**Task item:** Take nothing but the lines from the one with "運転中の録画をより鮮明に記録" through the one with "Set di tre tavolinetti" in the entries below, both ends kept, and return them exactly with pictures left out.

**Given records:**
^^^^^^^^^^^^^^^^

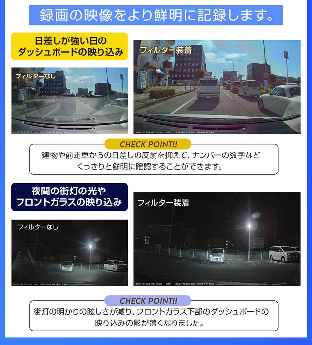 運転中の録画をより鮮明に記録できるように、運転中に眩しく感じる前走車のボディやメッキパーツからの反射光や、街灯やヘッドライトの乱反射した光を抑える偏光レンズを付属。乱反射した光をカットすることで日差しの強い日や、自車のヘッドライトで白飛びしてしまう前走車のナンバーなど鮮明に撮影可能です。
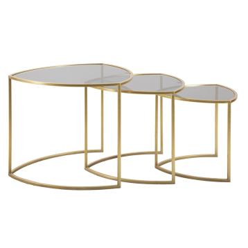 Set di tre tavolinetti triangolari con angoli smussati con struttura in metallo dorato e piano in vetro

^^^^^^^^^^^^^^^^

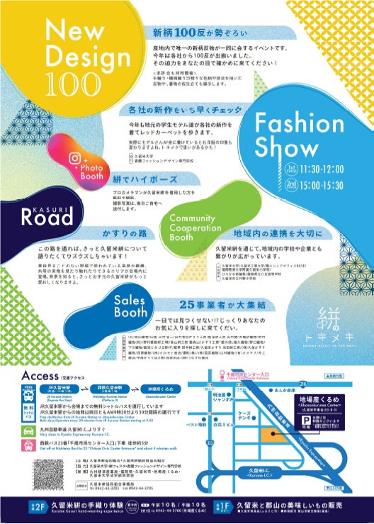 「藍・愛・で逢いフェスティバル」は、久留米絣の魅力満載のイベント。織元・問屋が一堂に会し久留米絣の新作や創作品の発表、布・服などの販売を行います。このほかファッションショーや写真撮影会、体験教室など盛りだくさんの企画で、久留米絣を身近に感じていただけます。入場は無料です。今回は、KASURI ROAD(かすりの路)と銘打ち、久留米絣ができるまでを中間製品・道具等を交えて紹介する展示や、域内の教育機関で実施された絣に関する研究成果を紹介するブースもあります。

^^^^^^^^^^^^^^^^

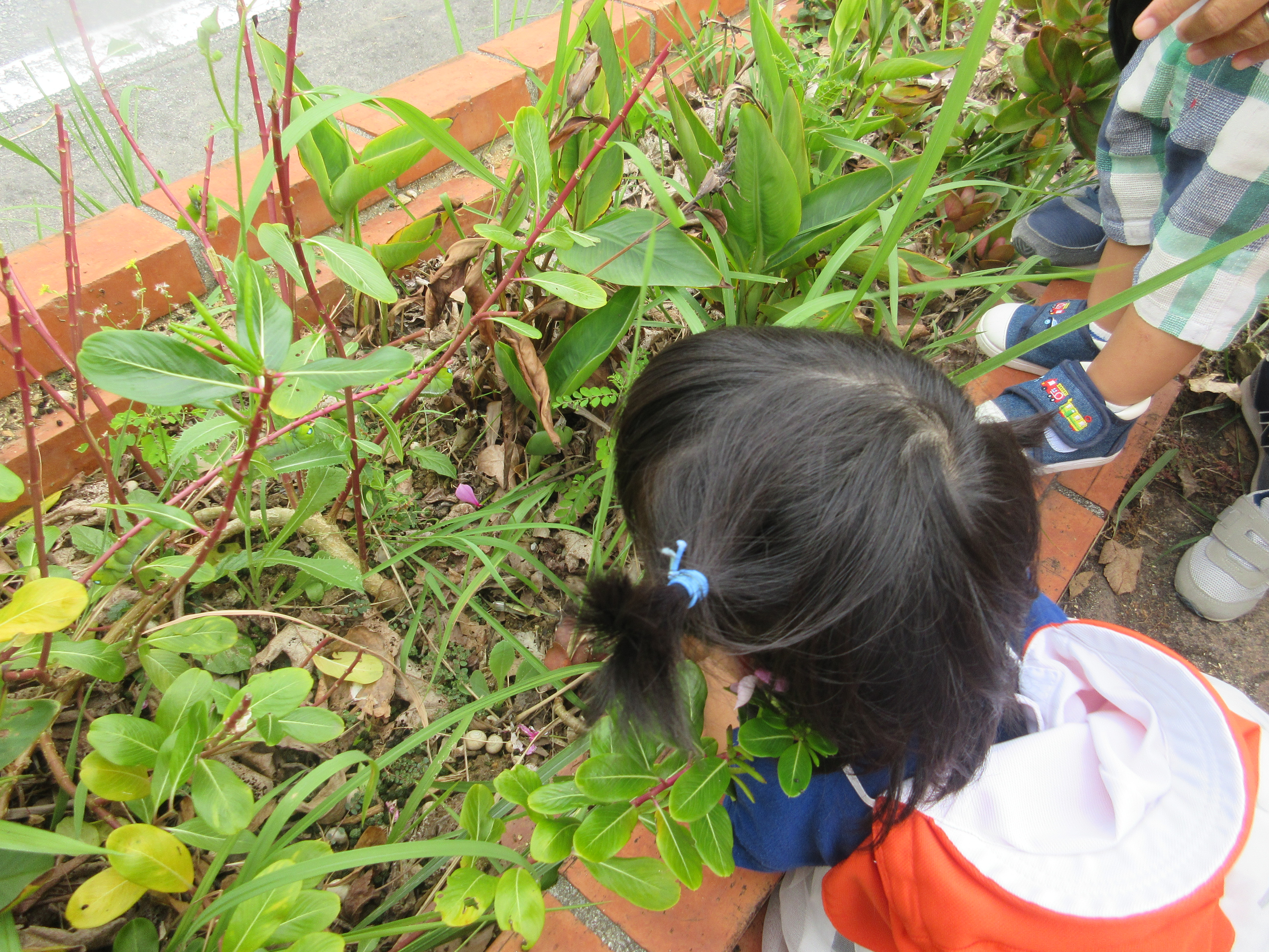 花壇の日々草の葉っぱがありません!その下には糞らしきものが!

^^^^^^^^^^^^^^^^

**Solution to the exercise:**
 運転中の録画をより鮮明に記録できるように、運転中に眩しく感じる前走車のボディやメッキパーツからの反射光や、街灯やヘッドライトの乱反射した光を抑える偏光レンズを付属。乱反射した光をカットすることで日差しの強い日や、自車のヘッドライトで白飛びしてしまう前走車のナンバーなど鮮明に撮影可能です。
 Set di tre tavolinetti triangolari con angoli smussati con struttura in metallo dorato e piano in vetro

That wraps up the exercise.